**Work instruction**
Print exactly what appears from the line containing "LANGKAT | Dua" through the final line of the data below, pictures excluded.

**Source data**
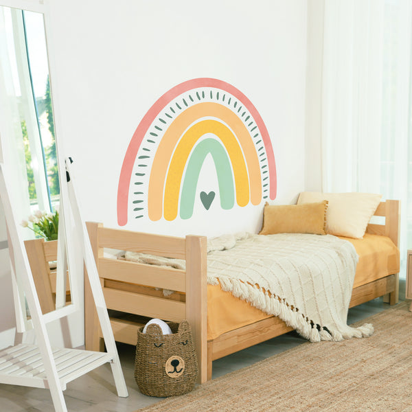 The Dream Rainbow Heart Decal is composed of a rainbow without background and can be placed over a coloured wall, once installed you will have a beautiful and seamless rainbow on your wall.
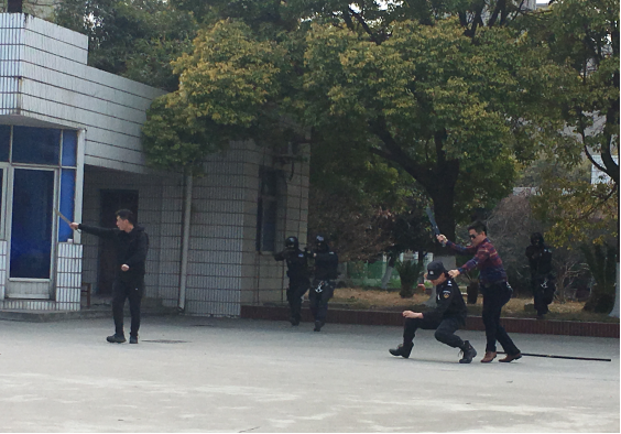 本次演練以在全國(guó)“兩會(huì)”召開前夕,2名暴恐份子密謀在市供水總公司三水廠采取投毒方式實(shí)施暴恐襲擊為背景展開。市公安局指揮中心接到水廠員工報(bào)案,2名暴恐份子駕車攜帶劇毒氰化物和匕首來(lái)到三水廠,密謀投毒、傷人。市公安局指揮中心立即派轄區(qū)派出所和巡邏組前往處置。在投毒失敗后,嫌疑人刺傷安保人員并挾持人質(zhì),與民警對(duì)峙。隨后,市公安局迅速啟動(dòng)反恐防范一級(jí)響應(yīng),調(diào)派轄區(qū)分局、巡特警、刑偵、交警等部門趕赴現(xiàn)場(chǎng)開展工作。短短3分鐘,暴徒迅速被控制,其中有一名暴徒被當(dāng)場(chǎng)擊斃,人質(zhì)被成功解救。之后,120急救中心趕往現(xiàn)場(chǎng)救治,同時(shí)環(huán)境監(jiān)測(cè)部門迅速開展水質(zhì)檢測(cè)評(píng)估,確保水廠供水安全。至此,反恐防暴演練活動(dòng)順利結(jié)束。
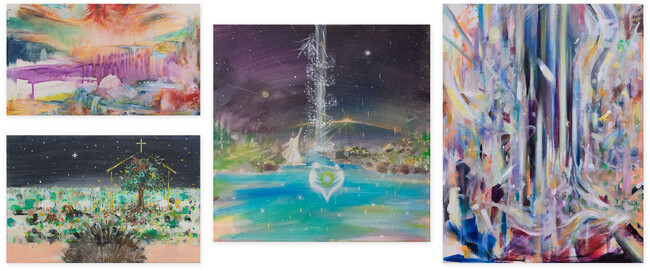 本展では、ヒプノセラピストの宇野豪佑による100人とのセッションで導き出された言葉をもとに、画家の中村峻介がイメージを受け取り描いた100枚の絵画を展示します。各作品は、深いリラクゼーション状態の中で見えた景色やイメージ、内的世界の旅を映し出しています。
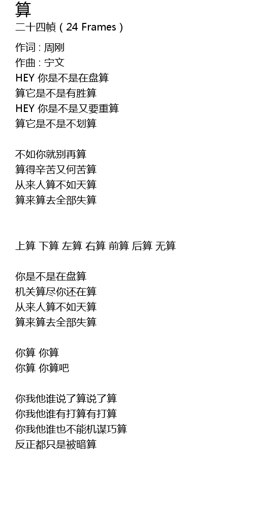 | 歌曲 | 算 |
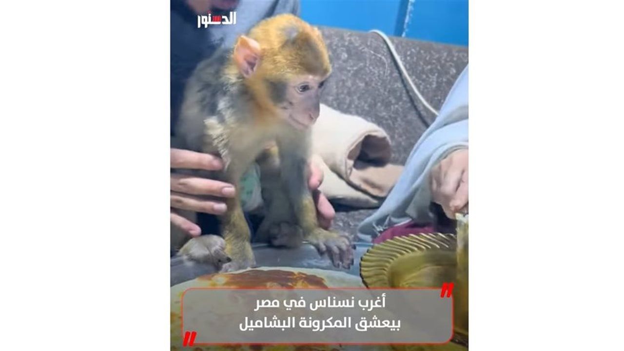 تداول رواد مواقع التواصل الاجتماعي مقطع فيديو طريف، يُظهر نسناس صغير يعيش مع إحدى الأسر المصرية، في لحظة غير معتادة وهو يتناول المكرونة بالبشاميل بشهية كبيرة، في مشهد أثار دهشة المتابعين.
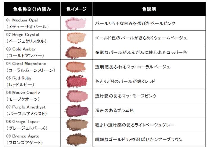 カラーは「メデューサオパール」「ベージュクリスタル」「ゴールドアンバー」「コーラルムーンストーン」「レッドルビー」「モーブクオーツ」「パープルアメジスト」「グレージュトパーズ」「ブロンズアゲート」の全9種類で、天然石からインスピレーションを得た。
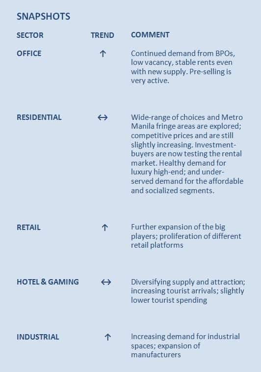 After more than a decade of economic growth and several years of real estate boom, everyone is anticipating the positive political climate to sustain this growth. While growth may not be phenomenal due to higher base, stable growth is more than welcome.Mr. Jojo Salas, Director - Research and Consulting
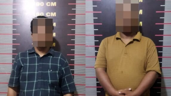 LANGKAT | Dua dari empat pria berinisial A dan J, pelaku pungutan liar (pungli) terhadap…
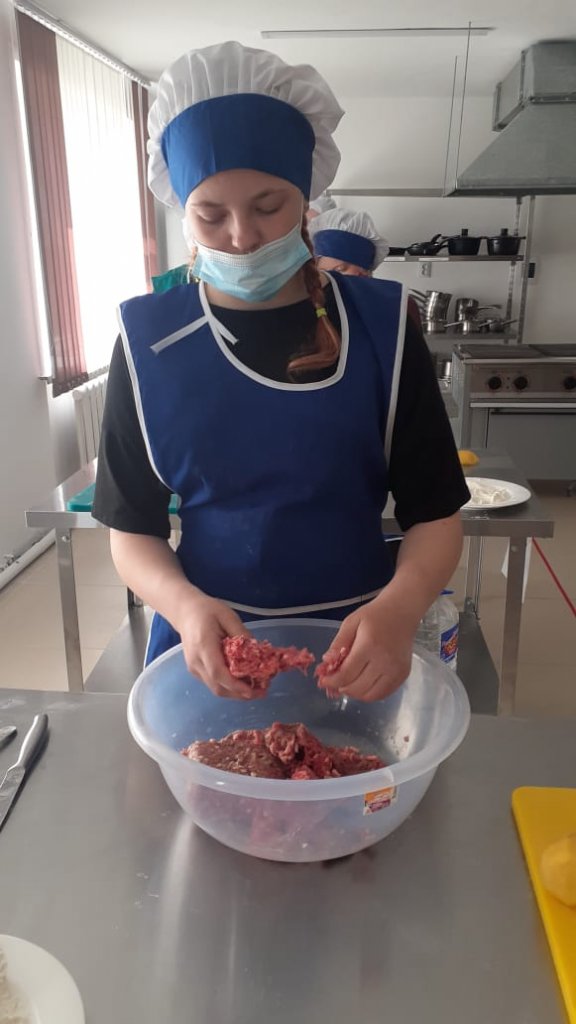 Оп-20/68 тобын өндірістік оқыту Тақырыбы: "Котлет массасынан жасалған жартылай фабрикаттар" Топ студенттері "Манти" дайындады" Квинт шебері Н. В
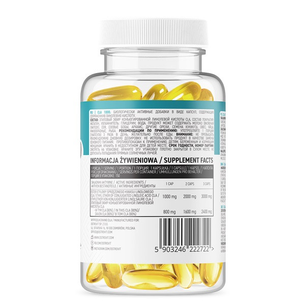 CLA اغلب به عنوان یک مکمل کاهش وزن، و همچنین برای حفظ توده عضلانی بدون چربی، حفظ کاهش وزن و حتی کمک به جلوگیری از دیابت نوع 2، که اغلب با چاقی مرتبط است، استفاده می شود.OstroVit CLA 1000 از رشد توده عضلانی بدون چربی حمایت می کند و به سوزاندن بافت چربی غیر ضروری کمک می کند. CLA یک آنتی اکسیدان بسیار قوی است – حدود 100 برابر بیشتر از ویتامین E فعالیت آنتی اکسیدانی نشان می دهد که به لطف آن به مهار تشکیل رادیکال های آزاد کمک می کند و پیری بدن را به تاخیر می اندازد. علاوه بر این، CLA سلامت استخوان را بهبود می بخشد و توانایی عادی سازی سطح گلوکز در خون را دارد.

**Task output**
 LANGKAT | Dua dari empat pria berinisial A dan J, pelaku pungutan liar (pungli) terhadap…
 Оп-20/68 тобын өндірістік оқыту Тақырыбы: "Котлет массасынан жасалған жартылай фабрикаттар" Топ студенттері "Манти" дайындады" Квинт шебері Н. В
 CLA اغلب به عنوان یک مکمل کاهش وزن، و همچنین برای حفظ توده عضلانی بدون چربی، حفظ کاهش وزن و حتی کمک به جلوگیری از دیابت نوع 2، که اغلب با چاقی مرتبط است، استفاده می شود.OstroVit CLA 1000 از رشد توده عضلانی بدون چربی حمایت می کند و به سوزاندن بافت چربی غیر ضروری کمک می کند. CLA یک آنتی اکسیدان بسیار قوی است – حدود 100 برابر بیشتر از ویتامین E فعالیت آنتی اکسیدانی نشان می دهد که به لطف آن به مهار تشکیل رادیکال های آزاد کمک می کند و پیری بدن را به تاخیر می اندازد. علاوه بر این، CLA سلامت استخوان را بهبود می بخشد و توانایی عادی سازی سطح گلوکز در خون را دارد.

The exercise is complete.